### What you need to do
Apart from the pictures, output all of the records exactly.

### Material to process

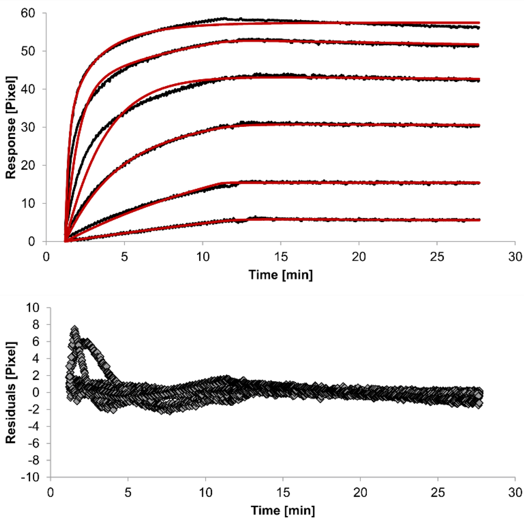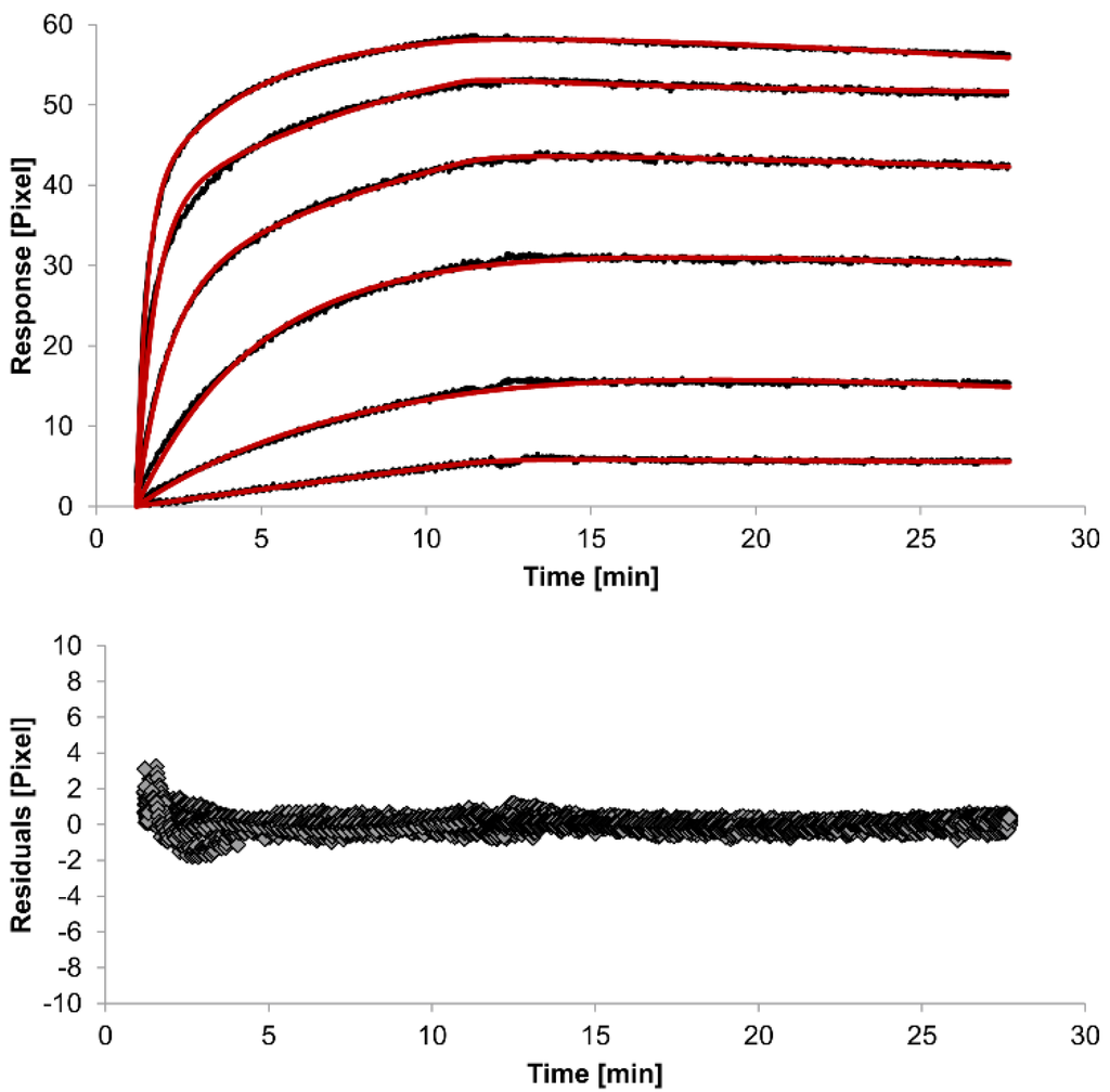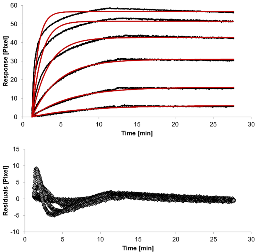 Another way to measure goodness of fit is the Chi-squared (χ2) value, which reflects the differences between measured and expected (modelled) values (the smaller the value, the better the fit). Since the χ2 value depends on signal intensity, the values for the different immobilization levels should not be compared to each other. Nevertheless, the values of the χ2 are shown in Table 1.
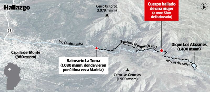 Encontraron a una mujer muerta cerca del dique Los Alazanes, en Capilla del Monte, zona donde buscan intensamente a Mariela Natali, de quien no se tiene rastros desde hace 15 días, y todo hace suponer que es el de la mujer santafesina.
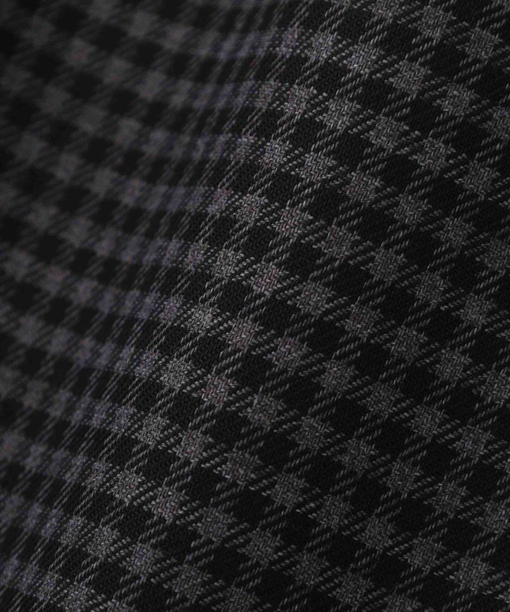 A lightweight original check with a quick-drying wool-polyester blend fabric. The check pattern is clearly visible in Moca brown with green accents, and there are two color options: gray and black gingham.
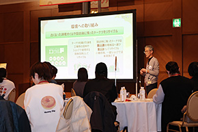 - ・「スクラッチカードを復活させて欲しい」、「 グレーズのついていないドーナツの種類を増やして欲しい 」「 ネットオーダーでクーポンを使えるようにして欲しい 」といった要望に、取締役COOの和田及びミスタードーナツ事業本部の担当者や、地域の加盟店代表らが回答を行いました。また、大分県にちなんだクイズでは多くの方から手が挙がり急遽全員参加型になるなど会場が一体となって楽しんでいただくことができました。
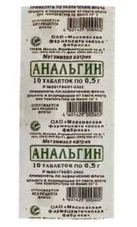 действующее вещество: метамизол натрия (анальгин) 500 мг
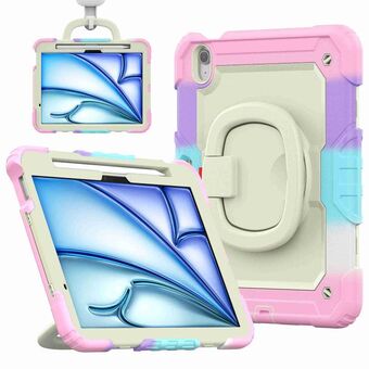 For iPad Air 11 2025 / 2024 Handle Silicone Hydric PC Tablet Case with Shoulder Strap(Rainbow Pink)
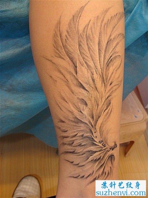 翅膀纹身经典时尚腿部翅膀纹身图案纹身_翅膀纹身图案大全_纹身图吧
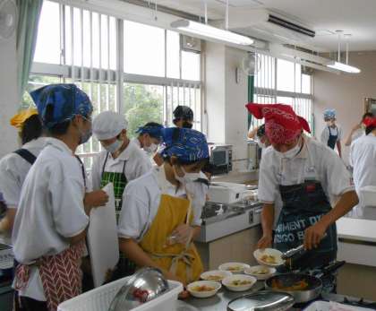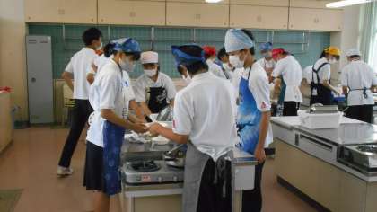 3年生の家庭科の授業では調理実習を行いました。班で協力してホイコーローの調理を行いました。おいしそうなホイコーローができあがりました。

### Response box
 Another way to measure goodness of fit is the Chi-squared (χ2) value, which reflects the differences between measured and expected (modelled) values (the smaller the value, the better the fit). Since the χ2 value depends on signal intensity, the values for the different immobilization levels should not be compared to each other. Nevertheless, the values of the χ2 are shown in Table 1.
 Encontraron a una mujer muerta cerca del dique Los Alazanes, en Capilla del Monte, zona donde buscan intensamente a Mariela Natali, de quien no se tiene rastros desde hace 15 días, y todo hace suponer que es el de la mujer santafesina.
 A lightweight original check with a quick-drying wool-polyester blend fabric. The check pattern is clearly visible in Moca brown with green accents, and there are two color options: gray and black gingham.
 - ・「スクラッチカードを復活させて欲しい」、「 グレーズのついていないドーナツの種類を増やして欲しい 」「 ネットオーダーでクーポンを使えるようにして欲しい 」といった要望に、取締役COOの和田及びミスタードーナツ事業本部の担当者や、地域の加盟店代表らが回答を行いました。また、大分県にちなんだクイズでは多くの方から手が挙がり急遽全員参加型になるなど会場が一体となって楽しんでいただくことができました。
 действующее вещество: метамизол натрия (анальгин) 500 мг
 For iPad Air 11 2025 / 2024 Handle Silicone Hydric PC Tablet Case with Shoulder Strap(Rainbow Pink)
 翅膀纹身经典时尚腿部翅膀纹身图案纹身_翅膀纹身图案大全_纹身图吧
 3年生の家庭科の授業では調理実習を行いました。班で協力してホイコーローの調理を行いました。おいしそうなホイコーローができあがりました。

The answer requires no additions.